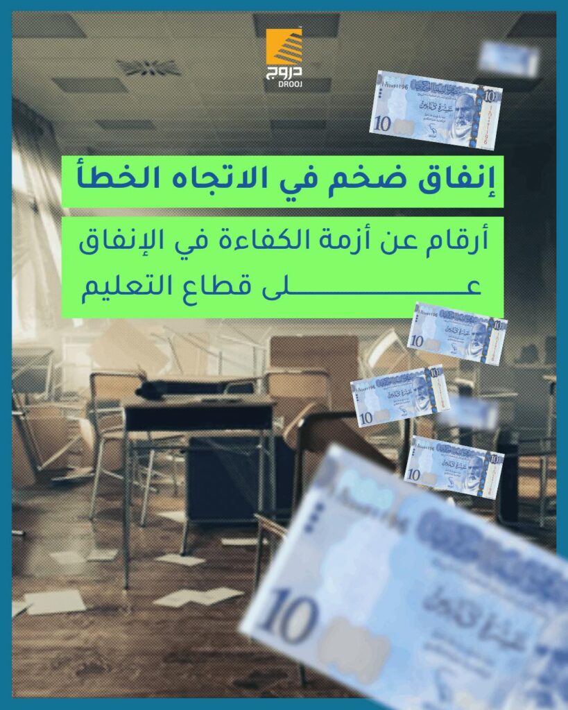 يُعد قطاع التعليم في ليبيا من أكثر القطاعات استنزافا للموارد العامة، إذ يوجَّه الجزء الأكبر من ميزانيته للباب الأول المتعلق بالرواتب، والذي يمثل نحو 91% من إجمالي الإنفاق التعليمي، مقابل 7% فقط للنفقات المخصصة للبنية التحتية. هذا الخلل في التوزيع المالي أدى -بحسب تقرير لليونيسف- إلى تدهور المرافق التعليمية ونقص الصيانة والتجهيزات، في حين لا يتناسب حجم الإنفاق على الرواتب مع عدد الطلاب أو جودة المخرجات التعليمية.
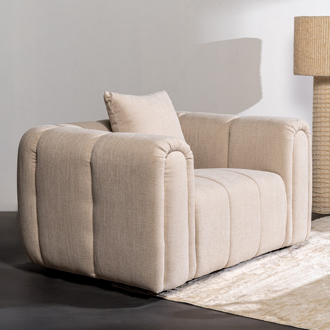 تجمع الكنبة الفردية نيرلا بين الانحناءات الناعمة والحجم العصري، لتقدم مظهرًا مبطنًا وفخمًا مع أذرع مستديرة ومقعد عميق يوفر راحة فائقة. مغطاة بقماش بيج ناعم وسهل التنسيق، ومبنية على إطار خشبي متين، لتمنح هذه الكنبة الفردية طابعًا فاخرًا وأنيقًا يثري أي مساحة معيشة. * كنبة فردية بتصميم عصري مبطن وفاخر. * مقعد وأذرع عميقة مبطنة لراحة غامرة. * إطار خشبي متين لضمان الاستدامة. * تأتي مع وسادة ظهر مطابقة.
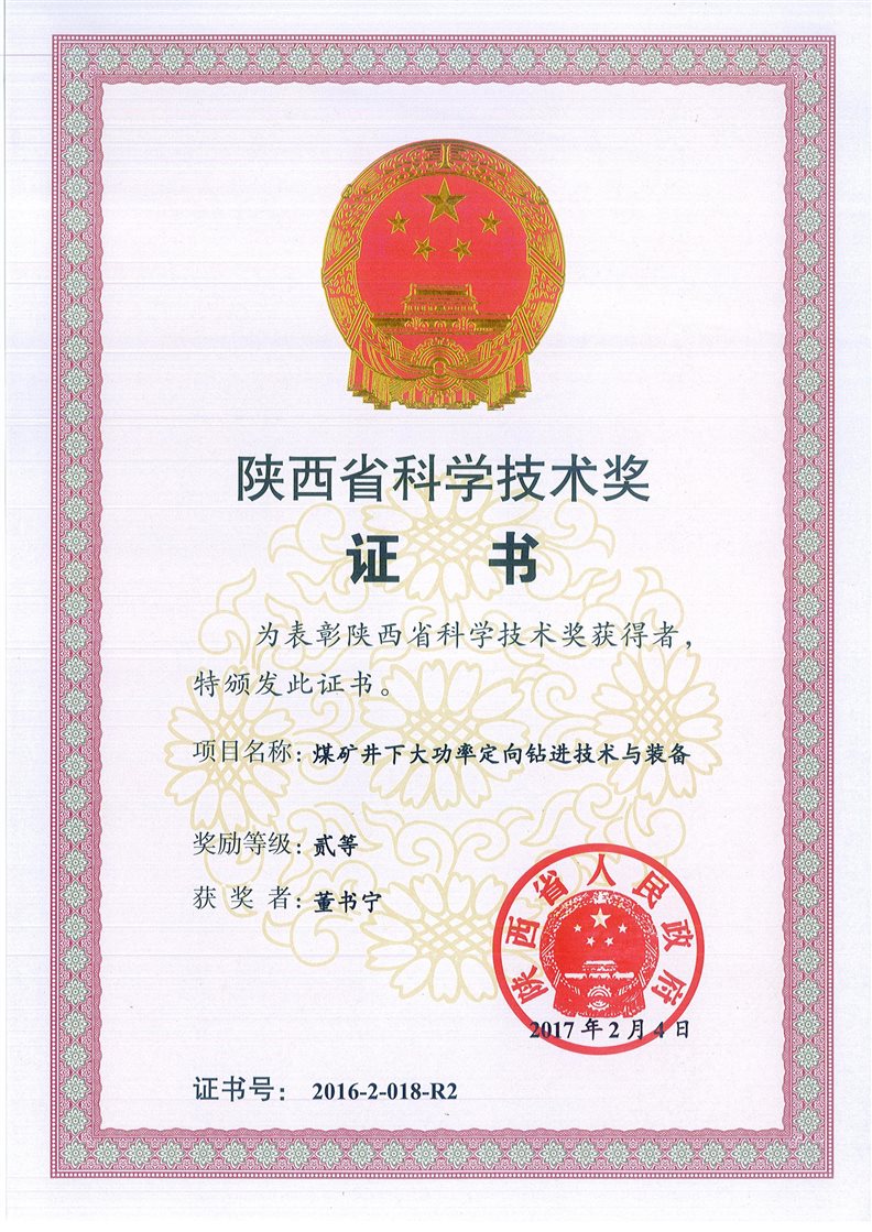 19.2016年陕西省科学技术二等奖--煤矿井下大功率定向钻进技术与装备,排名第2;

========================================

__To do__.
Every line of the listing is to be repeated exactly, and the pictures are to be dropped.

__Result of this exercise__.
 يُعد قطاع التعليم في ليبيا من أكثر القطاعات استنزافا للموارد العامة، إذ يوجَّه الجزء الأكبر من ميزانيته للباب الأول المتعلق بالرواتب، والذي يمثل نحو 91% من إجمالي الإنفاق التعليمي، مقابل 7% فقط للنفقات المخصصة للبنية التحتية. هذا الخلل في التوزيع المالي أدى -بحسب تقرير لليونيسف- إلى تدهور المرافق التعليمية ونقص الصيانة والتجهيزات، في حين لا يتناسب حجم الإنفاق على الرواتب مع عدد الطلاب أو جودة المخرجات التعليمية.
 تجمع الكنبة الفردية نيرلا بين الانحناءات الناعمة والحجم العصري، لتقدم مظهرًا مبطنًا وفخمًا مع أذرع مستديرة ومقعد عميق يوفر راحة فائقة. مغطاة بقماش بيج ناعم وسهل التنسيق، ومبنية على إطار خشبي متين، لتمنح هذه الكنبة الفردية طابعًا فاخرًا وأنيقًا يثري أي مساحة معيشة. * كنبة فردية بتصميم عصري مبطن وفاخر. * مقعد وأذرع عميقة مبطنة لراحة غامرة. * إطار خشبي متين لضمان الاستدامة. * تأتي مع وسادة ظهر مطابقة.
 19.2016年陕西省科学技术二等奖--煤矿井下大功率定向钻进技术与装备,排名第2;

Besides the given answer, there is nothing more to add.